▸ The data:
+--

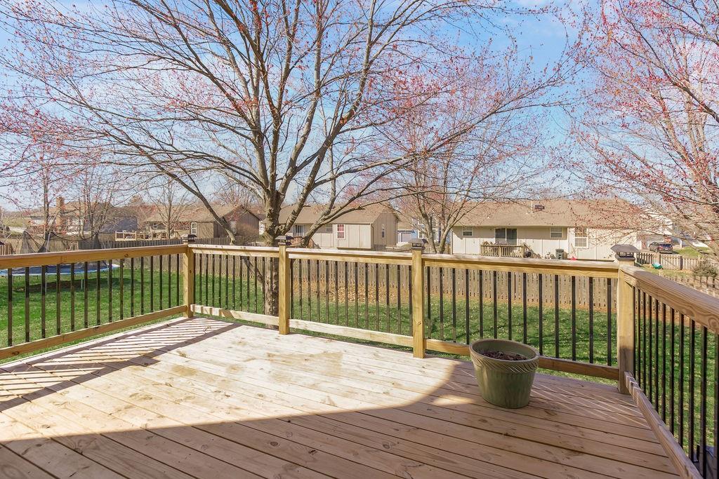 Move-in ready with space to live, entertain, and relax! The main level welcomes you with a formal living room and beautiful luxury vinyl plank flooring flowing throughout the main living areas. The kitchen is a standout with its vaulted ceiling, TONS of cabinets, and center island with quartz counter—perfect for everything from quick breakfasts to hosting friends. Downstairs, the cozy family room features a zero-emission gas log fireplace and convenient half bath, making it an ideal hangout space for movie nights or game days. The spacious primary suite offers a relaxing retreat with a walk-in shower, walk-in closet, and soaker tub. Two additional bedrooms include large closets and share a well-appointed hall bath with tile flooring and a shower-over-tub. Need more space? The finished basement includes a rec room with a walkout to the backyard—perfect for a 4th bedroom, office, or rec room. Step outside to enjoy the large deck and backyard, ideal for entertaining or relaxing on warm evenings. Nestled on a quiet cul-de-sac! The home also features durable Hardi-plank siding, and residents get to enjoy the neighborhood swimming pool—just in time for summer.
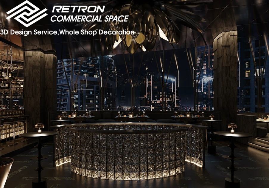Luxury-Style Cocktail Bar Interior Design Furniture, Lounge, Bar Counter, and Display Cabinet Design with LED Lighting
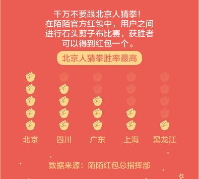 原标题:陌陌上女性用户抢到红包最多 北京人猜拳胜率最高
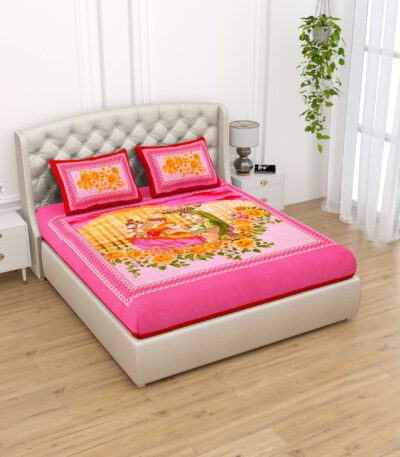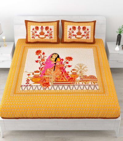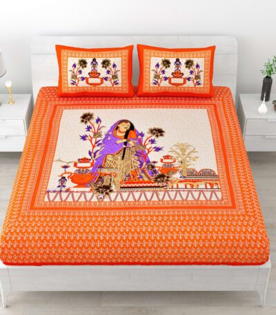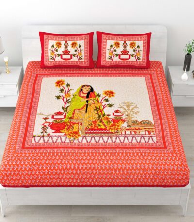 Rajasthani-Stylish Printed Cotton Double Bedsheet With Two Matching Pillow Covers

+--

▸ What the task requires:
What is needed is an exact copy of the lines from the line with "Luxury-Style Cocktail Bar" to the end of the data above, both included, without any pictures.

▸ Solution to this exercise:
Luxury-Style Cocktail Bar Interior Design Furniture, Lounge, Bar Counter, and Display Cabinet Design with LED Lighting
 原标题:陌陌上女性用户抢到红包最多 北京人猜拳胜率最高
 Rajasthani-Stylish Printed Cotton Double Bedsheet With Two Matching Pillow Covers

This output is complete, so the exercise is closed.